What. Any money google earns through ads on their own products is purely from value of googles services. The links the the news sites do not contain the news itself. That's like saying the yellow pages is pizza. And Chinese food. And Mexican.

In case this is not blindly obvious: that's bat shit crazy.

The news sites have their content. And google is only making it easy for people to get to it. If the news sites can't make any money off it: That's like Restaurants blaming the yellow pages for them going out of business.

And in second place, it's Stephen T. Stone making a different version of the point:

Irrelevant. To charge for links is to undercut the basic functionality of the Internet for the sake of profit. Google, Twitter, Facebook, or any other interactive web service or website should have no obligation to pay for the right to link to a newspaper's website.

For editor's choice on the insightful side, we start out with one more comment on that post, this time from another anonymous commenter making a very simple and important point:

Taxes disincentivize the taxed behavior. If you tax links, you're disincentivizing linking. This is not rocket surgery.
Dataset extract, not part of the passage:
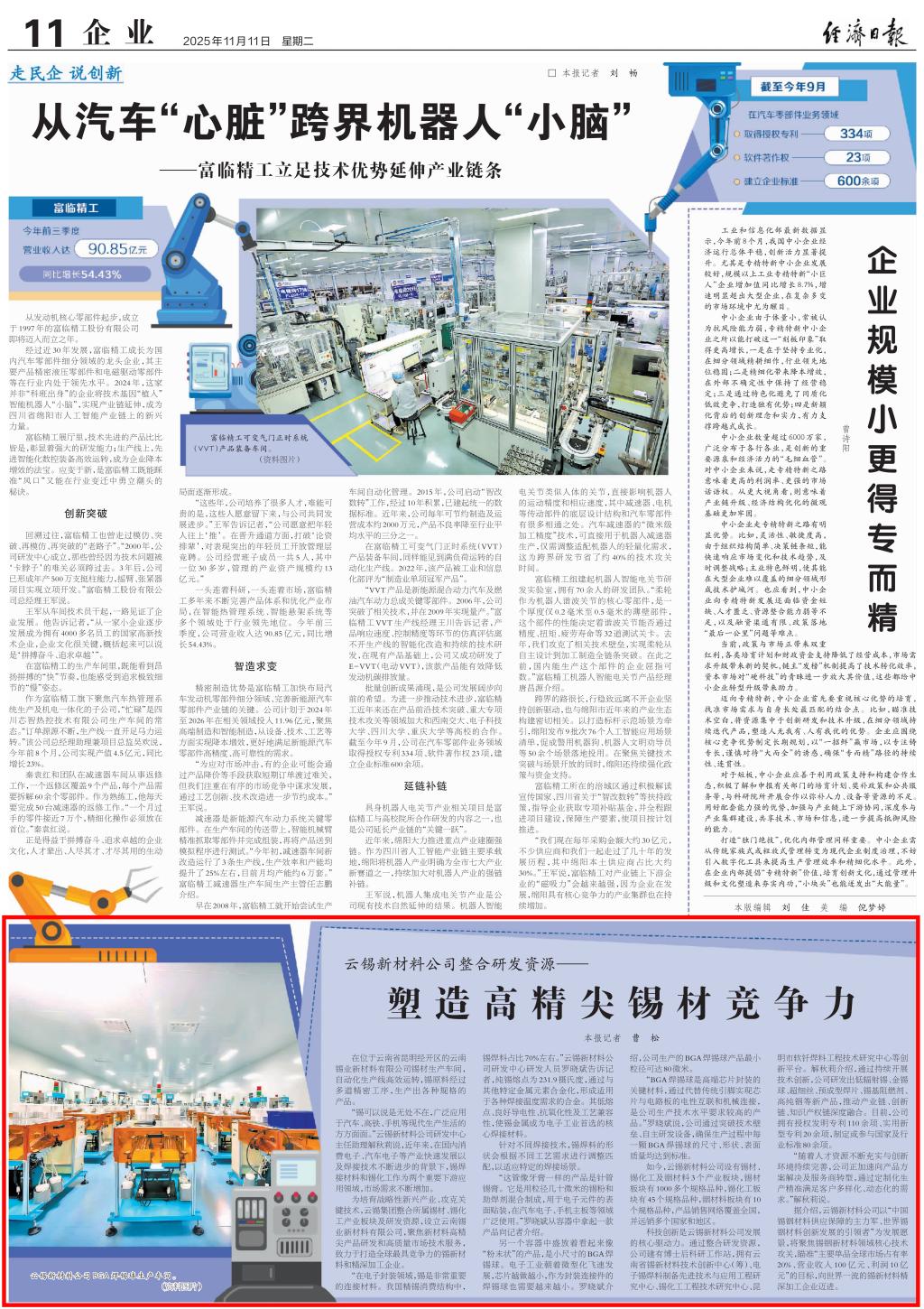 科技创新是云锡新材料公司发展的核心驱动力。通过整合研发资源,公司建有博士后科研工作站,拥有云南省锡新材料技术创新中心(筹)、电子锡焊料制备先进技术与应用工程研究中心、锡化工工程技术研究中心、昆明市软钎焊料工程技术研究中心等创新平台。解秋莉介绍,通过持续开展技术创新,公司研发出低辐射锡、金锡球、超细丝、预成型焊片、锡基阻燃剂、高纯铟等新产品,推动产业链、创新链、知识产权链深度融合。目前,公司拥有授权发明专利110余项、实用新型专利20余项,制定或参与国家及行业标准80余项。

Next, it's still another anonymous commenter, this time on our post about the possibility of a TikTok ban, in reply to a commenter trying to shift the burden of proof and demand a debunking" of fears about TikTok:

You can't debunk a concern". People will have a moral panic over whatever they like in service of any number of agendas.

The actual problem, though, is that's all you have: Concern, and claims. Bring evidence of privacy issues unique to TikTok, and/or influence issues caused by TikTok (while not ignoring the First Amendment). Then others can support or debunk your evidence with additional evidence. That's how this works. Make a testable claim, then test it, then show your work and the evidence produced by testing. It is no one else's job to counter things that don't exist, but lucky you, articles like the one above are already doing just that.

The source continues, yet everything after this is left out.